Kavanagh talks about how this dual-process (automatic triggering of intrusive thoughts followed by conscious elaboration) may explain cravings. As our thinking about the coffee becomes increasingly elaborated and we remember the last time we enjoyed a fabulous coffee and imagine how nice the next one will taste, we construct an almost life-like image of it.
What may happen now is that you start to become aware of the fact that you are not drinking the fabulous coffee right now – in fact you feel you’re in a state of deprivation when your brain computes the pleasure it could get if it could score a cup right now against how it feels not to have it.
Now, in your “deprived” state, what you’re most aware of is the not-having of the coffee. And your mind turns to how to get one.
With its very limited capacity, your Working Memory may now be full of craving-related material. The good news is that Kavanagh’s group has followed this with the development of Functional Imagery Training. FIT combines the style of Motivational Interviewing with rich multi-sensory goal-related imagery to enhance our ability to switch working memory to a non-food, valued future goal which can effectively disrupt the craving sequence (Solbrig et al 2018).
Enhancing your own enjoyment of eating
With the mismatch between our biological systems governing appetite regulation and our modern food environment, eating has become a minefield for many of us.
Using some of the findings I’ve outlined here, there are things you can do to eat more in tune with your health and wellbeing, and enjoy your food more than ever.
1. Tune in to your hunger and fullness signals
I created the Appetite Pendulum® to help enhance interoceptive awareness of signals from the gut. It’s a simple 11-point scale, from -5 to +5 where zero is a neutral midpoint.
If you’ve lost touch with these signals, aiming to stop eating each meal at +3 (just full) and arriving at the next definitely hungry (-3) is a framework for eating more in tune with this system.
2. Eat from heavy plates
Use your heaviest cutlery, crockery and glassware to enhance the pleasure and satisfaction of your meals.
3. Focus on every bite and savour it
Eat mindfully, savouring your food with full awareness, to perceive all the pleasure that is available in what you’re eating and lay down a good memory of this eating episode.
4. Develop a multi-sensory goal image to do with how you want your eating to be
If you eat foods you crave when you’d prefer to resist, close your eyes and create a rich, multisensory image of a specific situation a few months from now, where you’ll really feel the benefits of no longer giving in to cravings.
It could be a special occasion, or something that’s part of your regular routine like being out for a drink with friends. Spend a few minutes really dropping in to this future scene, using all your senses. Once you’ve created this goal image, give it a name (“Marnie’s wedding”, “Friday drinks” or whatever).
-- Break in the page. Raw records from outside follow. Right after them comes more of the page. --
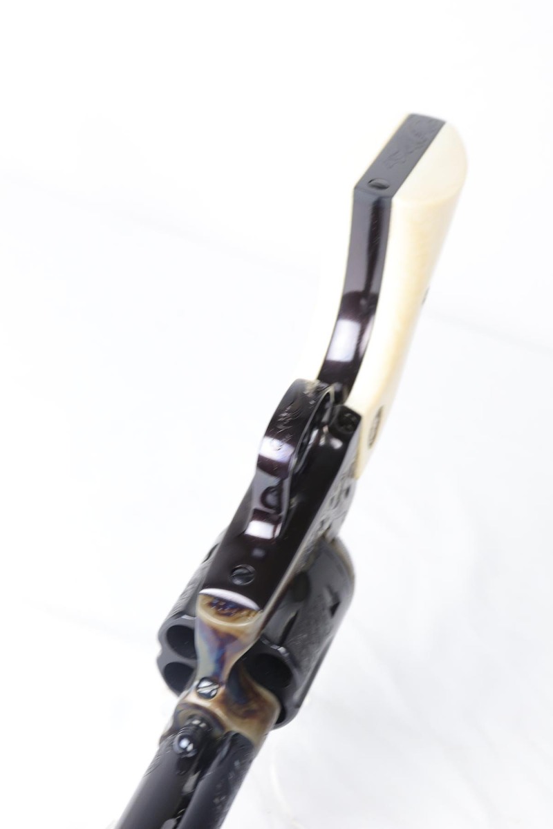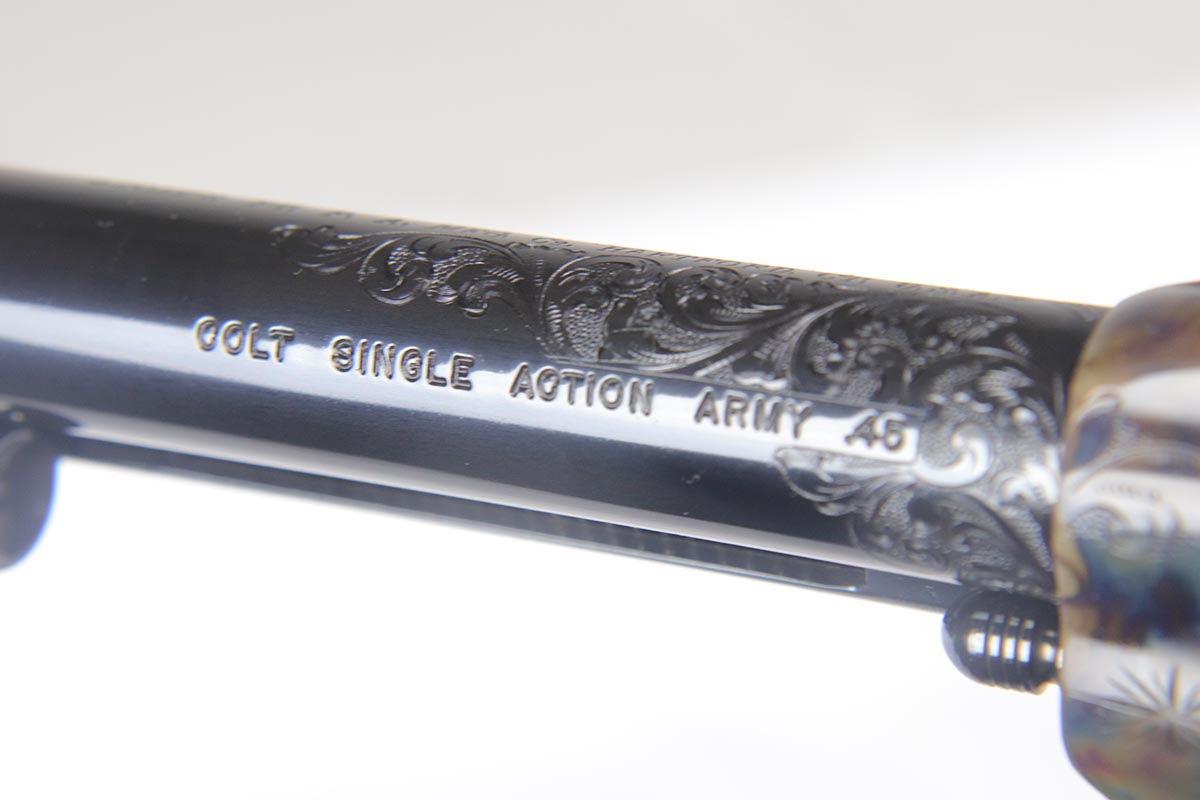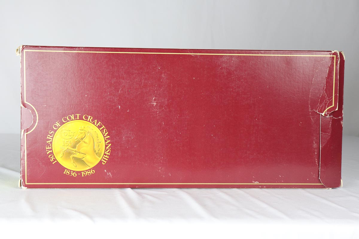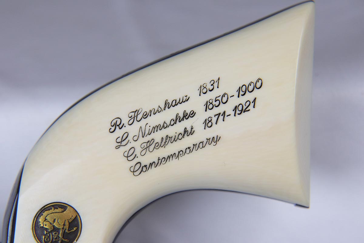 4/10/18 – This is a gorgeous Colt Single Action Army, 3rd Generation, featuring the four major styles of Colt engraving. Referred to as a Colt Engraving Sampler, this minty revolver has grips marked with the names of three factory engravers and the dates they were employed by Colt. The frame is marked Colt Engraved Sampler and has a rampant Colt motif with the number 150 inside, referring to the 150th anniversary. This grouping comes with the original matching box and a Colt factory letter. The letter states that the firearm has the following features: Type ‘B’ scroll engraving in “Henshaw” on the bottom of the back strap and on the trigger guard bow, “Nimschke” on the cylinder, “Helfricht” on the frame, and “Contemporary” on the barrel and ejector rod housing. The subject revolver is one of only 14 in the Sampler Edition in this particular model configuration.
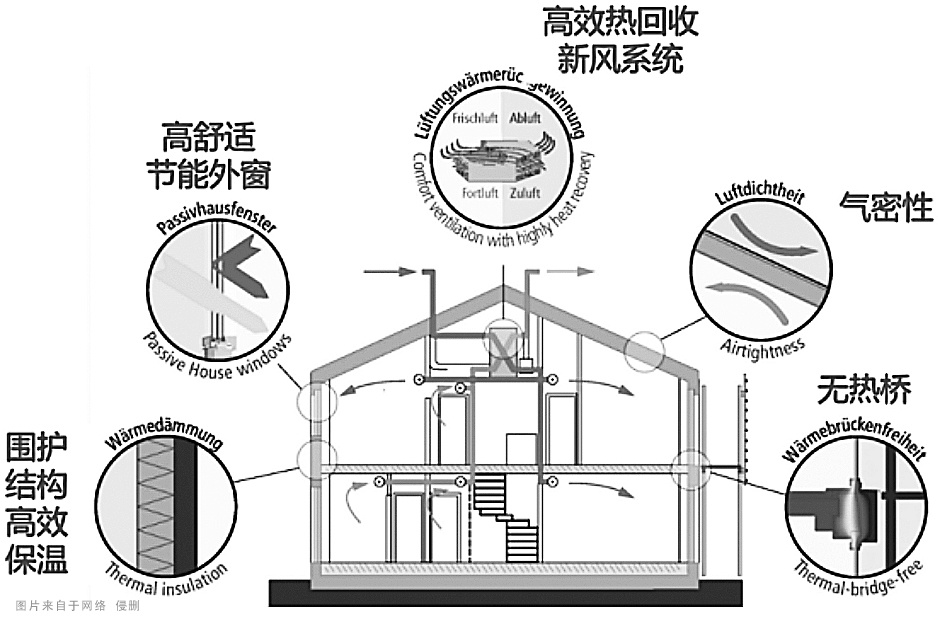 超低能耗建筑健康和舒適指的是溫度、濕度、光線、風(fēng)速、室內(nèi)聲音、潔凈度和空氣健康。健康和舒適是兩個概念。就像一個人因為熱把空調(diào)調(diào)到極低的溫度,或者把電風(fēng)扇調(diào)到最大的風(fēng),表面上他獲得了片刻的舒適,但他失去了健康。因此,健康和舒適必須分開提出,作為被動式房間的特征。在節(jié)能方面,被動式住宅技術(shù)是實現(xiàn)能源消耗接近零的技術(shù)體系。通過大幅度提高圍護結(jié)構(gòu)的熱工性能和氣密性,采用高效的新風(fēng)熱回收技術(shù),使建筑采暖需求降低到15 kWh/(m²·a)以下。最節(jié)能的被動式超低能耗建筑,節(jié)能可達90%以上。
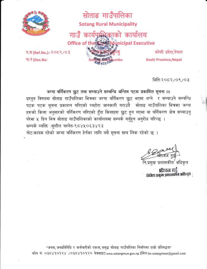 जग्गा बर्गिकरण छुट तथा सच्याउने सम्बन्धि अन्तिम पटक प्रकाशित सूचना !!!
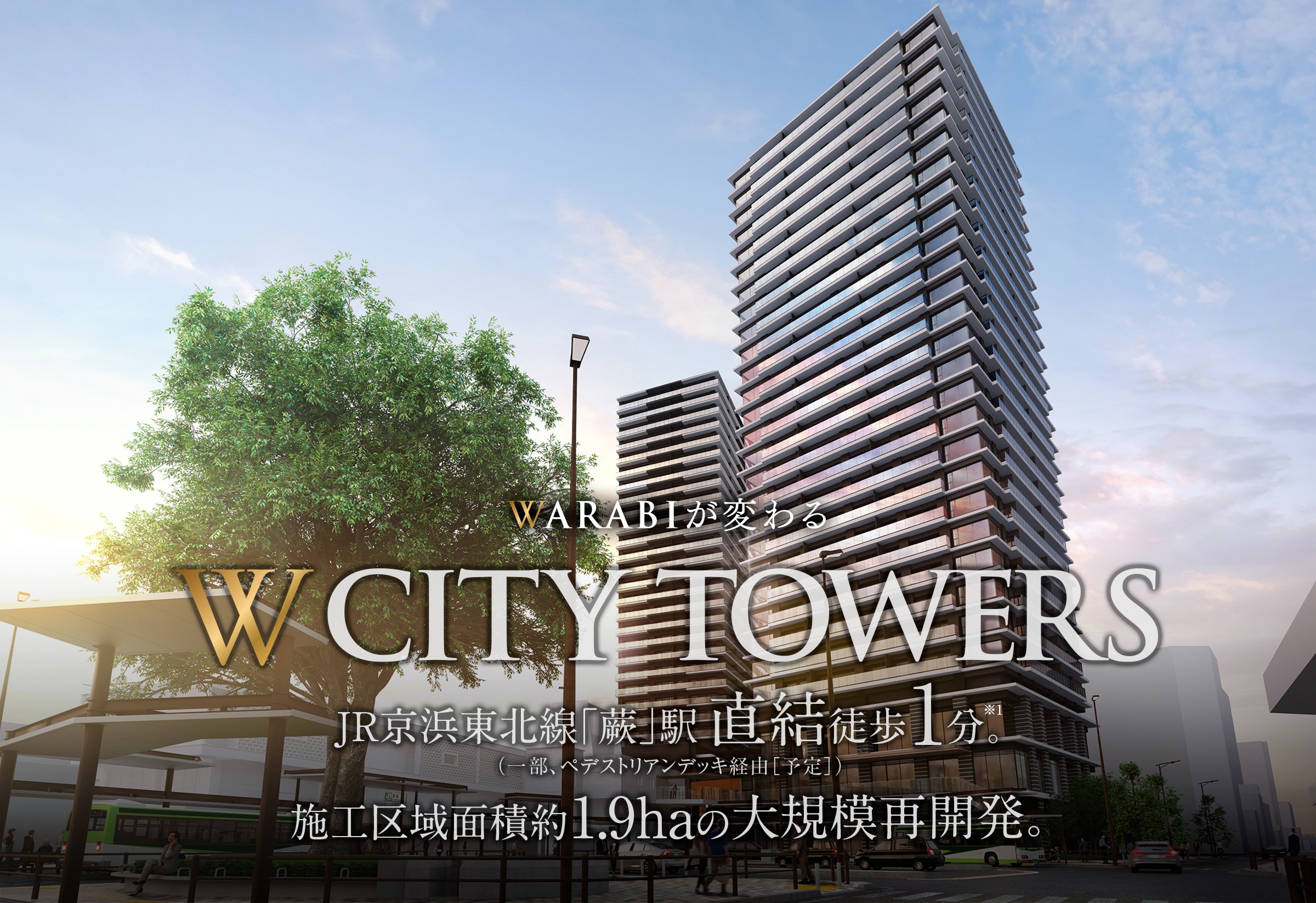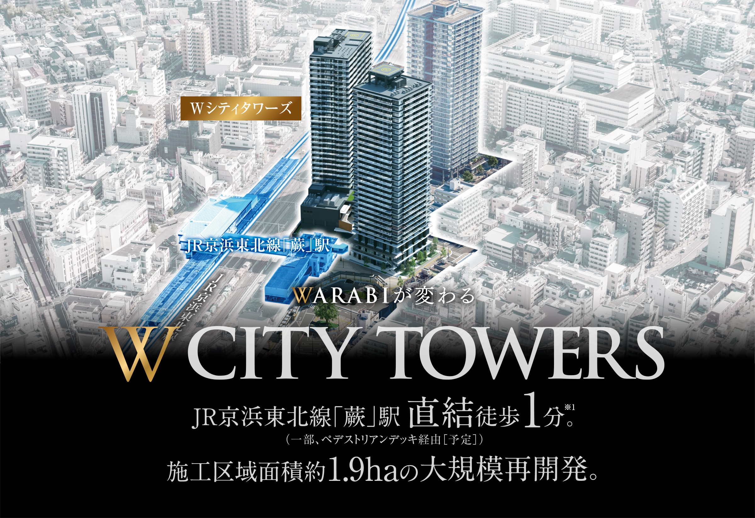 ※1.WEST:徒歩1分/約60m・EAST:徒歩1分/約70m。一部ペデストリアンデッキ経由[予定]とは、東日本旅客鉄道(株)と蕨駅西口地区市街地再開発組合が締結している「蕨駅西口地区第一種市街地再開発事業に伴う蕨駅西口駅舎デッキ接続に関する覚書」により、既存駅舎2階部分と新設されるペデストリアンデッキ(組合所有)が接続される予定です。(完成予定時期:2027年7月 ※工事遅延により遅れる見通しがあります)ペデストリアンデッキの仕様・形状等はイメージであり、実際とは異なります。

When you catch yourself starting to crave something you’d prefer not to eat right now, bring that image to mind in all its richness and notice what happens to the craving, and get on with your day.
Here, I’ve outlined just a few of the psychological aspects of eating – your beliefs about yourself and your self-perception add their own twist to the meal.
And when you sit down with others there’s a whole panoply of social forces that come into play.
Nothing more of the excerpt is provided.